Currently, Dr. Mubarak is an assistant professor of Religious Studies at Queens University, where she teaches courses on women and gender in Islam, Islam and Modernization and reading sacred texts. She previously served as a research fellow with the New York Abu Dhabi Research Institute in the Humanities (2017-2018), where she worked on her monograph, Debating Divine Intent: Women in Modern Qurʾanic Commentaries.Mubarak also taught as a lecturer in Religious Studies at the University of North Carolina at Charlotte (2015-2017) and a visiting lecturer at Davidson College (2015-2016).

Mubarak completed her Ph.D. in Islamic Studies from Georgetown University, where she specialized in modern and classical Qurʾanic exegesis, Islamic law, and gender reform in the modern Muslim world. She previously worked as a Senior Researcher at the Center for Muslim-Christian Understanding at Georgetown University and a researcher at the Gallup Organization’s Center for Muslim Studies. Mubarak received her Master of Arts degree in Contemporary Arab Studies with a concentration in Women and Gender from Georgetown University in 2005. She received her Bachelor’s degree in International Affairs and English from Florida State University in 2003.

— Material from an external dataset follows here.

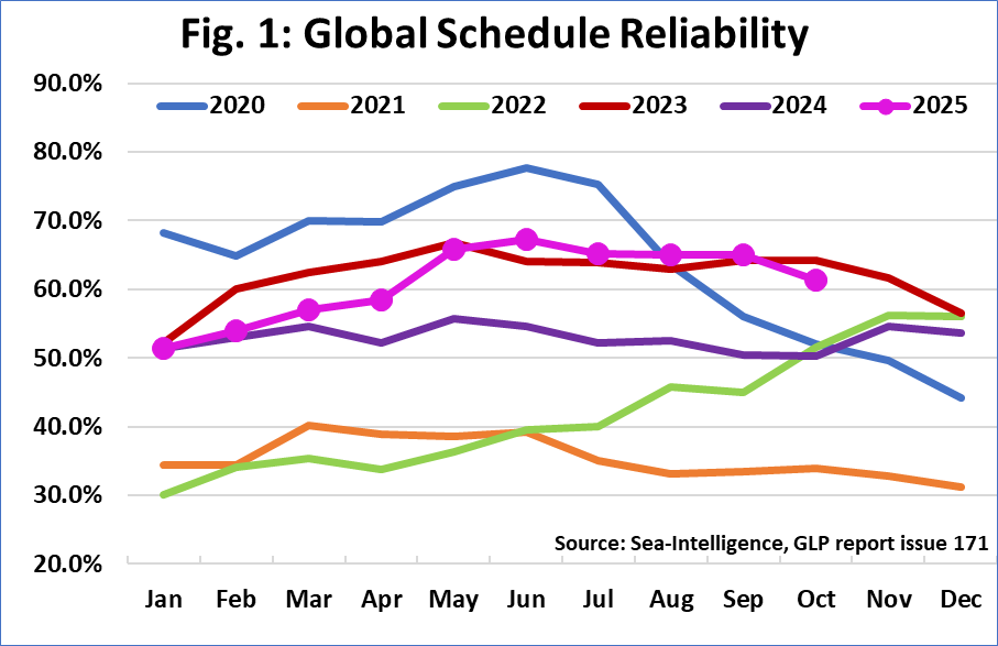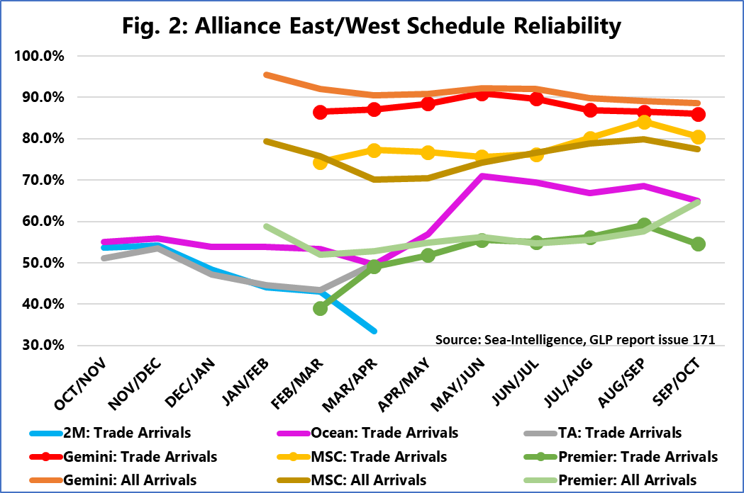 In September/October 2025, Gemini Cooperation recorded 88.6% schedule reliability across ALL arrivals, and 86.0% across TRADE arrivals, followed by MSC at 77.5% for ALL arrivals and 80.5% for TRADE arrivals, while Premier Alliance recorded 64.6% for ALL arrivals and 54.6% across TRADE Arrivals. For the “old” alliances, “ALL arrivals” are equal to “TRADE arrivals”, and Ocean Alliance scored 65.0%.

Her publications include, among others, “Change Through Continuity: A Case Study of Q. 4:34 in Ibn ʿĀshūr’sAl-Taḥrīrwa-l-Tanwīr” (Journal of Qurʾanic Studies 20.1February 2018); “Breaking the Interpretive Monopoly: A Re-Examination of Verse 4:34” (Hawwa 2.3); “Crossroads,” I Speak For Myself: American Women on Being Muslim (White Cloud Press, 2011), “Intersections: Modernity, Gender and Qurʾanic exegesis” (PhD Diss., Georgetown University, 2014), “Young and Muslim in Post 9/11 America” (The Brandywine Review of Faith & International Affairs Vol. 3, No. 2); The Politicization of Gender Reform: Islamists’ discourse on repealing Article 340 of the Jordanian Penal Code (MA Thesis, Georgetown University, 2005)and “Blurring the Lines Between Faith and Culture” (America Now: Short Readings from Recent Periodicals. 5th ed.).